Para promover a inclusão (de todos os alunos) no espaço escolar, precisamos enfrentar os
mecanismos excludentes que ocorrem no seu dia-a-dia.
Eles podem ser relacionados ao fracasso escolar

que acontece no interior da escola e tem relação direta com sua estrutura e
funcionamento; com suas práticas disciplinares e pedagógicas; com a formação e
as condições de trabalho do corpo docente; com a relação preconceituosa que os
educadores geralmente estabelecem com as crianças e as famílias das classes
populares (Patto apud Collares e Moysés, 1996, p. 12).

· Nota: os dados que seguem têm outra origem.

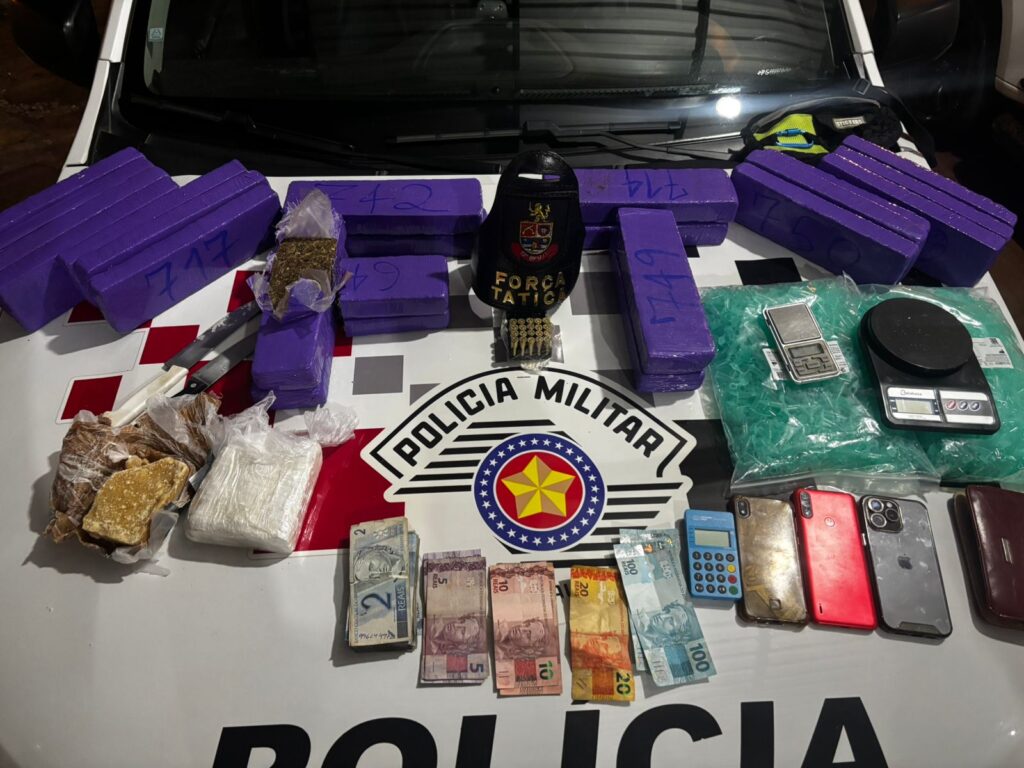 A ação levou à apreensão de 15,9 kg de maconha, 476 g de cocaína, 376 g de crack, 20 munições calibre .38, 2 balanças de precisão, celulares e R$ 410,00 em dinheiro.

Parafraseando Fernández (op.cit), “devemos intervir no contexto que priva o aluno de um


espaço de autoria de pensamento. Ou seja, devemos intervir no “sistema ensinante”.
Assim como para quem vive na miséria e está desnutrido não adiantam exames do
aparelho digestivo, em busca de explicar porque não se alimenta, e sim intervir no
contexto que o priva de alimentos... do mesmo modo, para enfrentar os mecanismos
excludentes, precisamos intervir no sistema educacional, ampliando, diversificando suas
ofertas, aprimorando sua cultura e prática pedagógica e, principalmente, articulando-o
com todas as políticas públicas.
A grande questão é como transformar o cotidiano da escola, que defende o mito da
igualdade de oportunidades e a traduz como o oferecimento de educação idêntica para
todos, desconsiderando-lhes a diversidade e a complexidade ou, no
dizer de Fernández, desconhecendo-se os diferentes idiomas de ensino e de aprendizagem.
Embora seja sofrido, precisamos admitir que a escola em legitimado a exclusão,
principalmente dos grupos em desvantagem, mesmo quando procura inserir alunos nas
classes regulares, mas sem os apoios necessários.
E então? Vamos desistir, fazer as malas, juntar nossos objetos, desejos e esperanças e
mudar de profissão? Honestamente penso que não, apesar de não serem poucos os
desafios que temos que enfrentar, a partir dos fantasmas do medo ou dos “gênios de
Aladim” que povoam nosso imaginário.
Para que tenhamos uma escola verdadeiramente democrática e que seja espaço de
exercício de cidadania, devemos lutar, principalmente:

por melhores condições de trabalho e de salário de nossos professores;


por maiores investimentos na sua formação permitindo-lhes apropriarem- se de novos
saberes e das tecnologias que possam estar a serviço da educação escolar;
pela realização sistemática de avaliações do processo ensino- aprendizagem, muito mais
útil aos educadores do que as infindáveis e muitas vezes indecifráveis estatísticas do
desempenho dos sistemas educacionais;
pela capacitação dos gestores com vistas à administração cornpartilhada;
pela constante reflexão de todos os educadores acerca do sentido da educação num
mundo globalizado e em permanente mudança;
pela educação na diversidade, ampliando-se e aprimorando-se as oportunidades de
aprendizagem por toda a vida;
por constantes (semanais?) relações dialógicas entre professores dentro das escolas e
entre escolas (mensais?)
para que o direito à educação seja entendido como um bem essencial que deve ser
extensivo a todos.

Está na hora de terminar esse texto. Afinal, temos muito o que fazer para transformar
palavras em efetivas ações que beneficiem a todos. E, no caso das pessoas com
deficiência que do “todos” não sejam excluídos de nossas narrativas e de nossas práticas
inclusivas, aqueles mais comprometidos - como os deficientes múltiplos - garantindo-lhes
os espaços de aprendizagem de que necessitam de fato e de direito. Que tenhamos
todos muita sorte e muita determinação!